@@vincentl.9469 True, but have you seen the live videos from 1984? He was playing the most amazing stuff on old doo wop and rockabilly classics, etc. Danny and the fat boys with Dave Elliott and Billy Hancock. That's when i realized that Danny really is the king of the guitar.
Tony, wow what a valuable detailed lesson -thanks for sharing. I'm going to try and learn these. Funny, I just started putting on my strings the way Joe Walsh shows in his setup video, where you make a little hook by folding the end of your sting under and over where its coming up from the nut - even with a double moving bridge on the charvel its been staying in tune. One question that crossed my mind is : Are there any phones today that still have dial tone? and using cigarrette ashes? definitely a tip from another time period and from playing in a lot of night clubs. Awesome, thanks.
@@GregoryPearsonMusic haha. What Danny is talking about is or are the tuner machine heads that are on older fenders.
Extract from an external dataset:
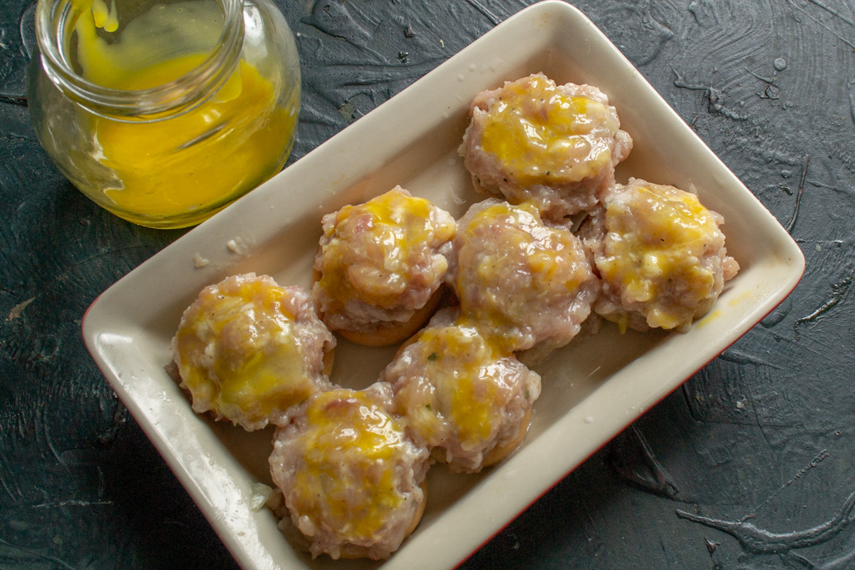 Одно яйцо разбиваем в миску, отделяем желток от белка. К яичному желтку добавляем немного молока, хорошо перемешиваем и смазываем этой смесью фрикадельки.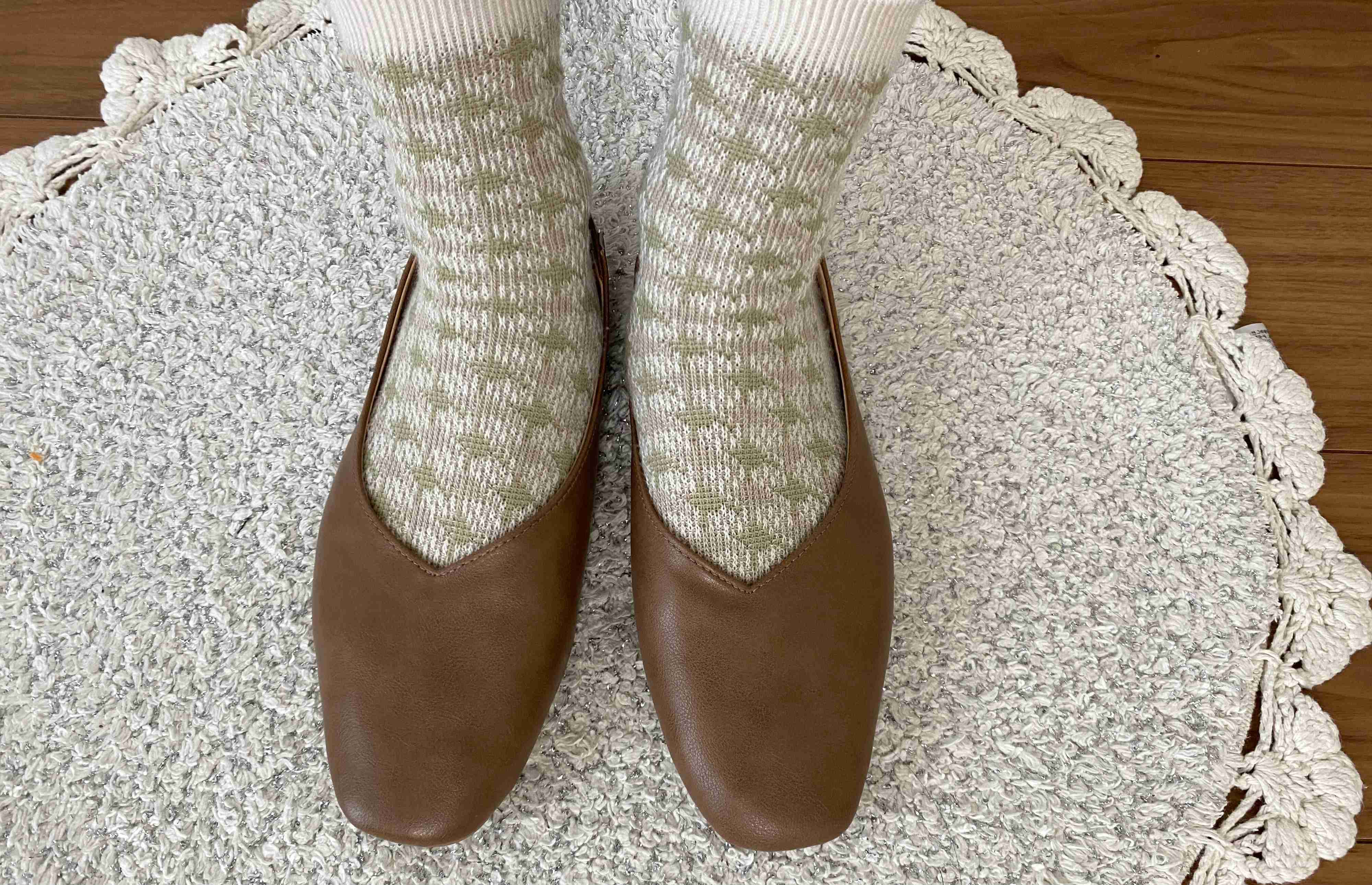 白ソックスと同色系のブラウンのソックスを合わせましたがそれぞれ違った雰囲気が楽しめます。

They have a hole down the middle and you can stick your string in there, and it won't be sticking out to poke you in the finger. I have a buddy that does a Jimi Hendrix tribute and he puts those tuners on all of his strats no matter what they came with that way if his kids touch the guitar they won't get that immediate infection when you poke yourself with the end of the string. One other thing I'll mention is in all these videos I see helping people to stay in tune no one ever mentions tightening the screws on the back of the neck. If the screws are loose or it has a screw down Ferruell on the top, as soon as you bend a string the tuner is going to move and it's going out of tune.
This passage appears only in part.